Not Charlotte! Not his Charlotte!
He'd covered her mouth so she wouldn't scream while he was gone. How was he to know she would get sick? He didn't have all the answers. He wasn't the Answer Man.
He slammed the door and went upstairs.
This can't be happening
.
He sat down at the kitchen table and unwrapped the prepackaged sandwich he'd gotten for her. He wouldn't have picked it out for himself. It was something a girl might like, with thin slices of turkey, slimy cheese, and wilted lettuce. Light mayonnaise. He would have preferred regular. He was halfway through the meal when he started sobbing. He almost choked because his mouth was full of food that just wouldn't go down. He gagged and spit it out.
He quit coughing. He quit crying. He sat there trying to figure out what he was going to do.
Daylight will be here in a couple of hours.
"I know. I know," he said to the empty room. "Don't you think I know that? I'm thinking. Just let me think."
Twenty minutes later, he went back downstairs.
She was still there, just the way he'd left her, lying on the mattress he'd put there just for her. He would like to have kept her awhile, but he knew from experience that it didn't take long for a dead body to start smelling, start drawing flies.
It was hard getting her upstairs. He was out of breath, and his back hurt by the time he got her to the bathroom.
Once there, he removed her clothes, then put her in the tub. He arranged her legs so she would be comfortable. He filled the tub with cool water and, with a washcloth, removed all traces of vomit. When he was finished, he crossed her arms over her chest. He caressed her hair, smoothing it on either side of her face.
"Not your fault, little girl." Not his, either. Like the bumper sticker said, Shit Happens. It was an oldie but a goodie.
Oh, she was beautiful and sweet and innocent. He was terribly afraid she'd been the one.
Don't think about that. You can't think about that
.
He let the water out of the tub, then photographed her, snapping frame after frame. He shot close-ups of her face and shots that took in her entire body. He was caught up in the wonder of her. He wanted to have sex with her. Should he? Did he dare? He finally decided it wouldn't be right; she deserved to be treated like a lady. He wrapped her in the shower curtain and carried her back through the house, into the garage. He put her in the trunk of his car.
He could see her face through the plastic.
Under cover of darkness, he drove.
He wanted to take her back where he'd found her, but cops were crawling all over. They had dogs and helicopters. The National Guard. He'd seen it on the news. So he'd have to take her someplace else. She was special; she deserved a place that was special.

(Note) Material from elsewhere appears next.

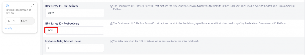 At this point, the Post-Delivery NPS survey has been created in Omniconvert Explore and the NPS Survey ID – Post-delivery field has been pre-filled in Reveal Store Settings > General > NPS section > NPS with the ID of the survey created automatically in Omniconvert Explore.

He didn't want to leave her where nobody would find her. He didn't want to leave her where animals might eat her. He wanted to baptize her. He wanted to give her extreme unction.
He took her to a spot where the river flowed swiftly, where the current would carry her away with cherished abandon. She was heavy, and he staggered under the weight as he walked along the old railroad tracks that led to the bridge.
The night was dark, and the water was black.
"I commit you to the night, to the water," he whispered, unwrapping her from the plastic shower curtain. Standing on the bridge, he let her go. A moment later, he heard a faint splash.
It was one of those autumn days that brought people out to enjoy the fall colors and possibly the last warm day of the season. Children perched on their fathers' shoulders, chubby hands splayed across foreheads. Bicyclists cruised the Mississippi Mile, and groups of people paused in their stroll across the Stone Arch Bridge to admire the river gushing through the dam.
"Ball," a baby said, pointing with a wet finger.
The object tumbled into view and then vanished into the churning, roaring water.
"Ball," the baby repeated, giggling.
"Where'd it go?" asked the mother, enunciating clearly.
They waited but didn't see it again.
"All gone," the father said with mock sadness. "All gone."
Just then, to the right of the tumbling falls, something bobbed to the surface where the water became silent and smooth as black glass.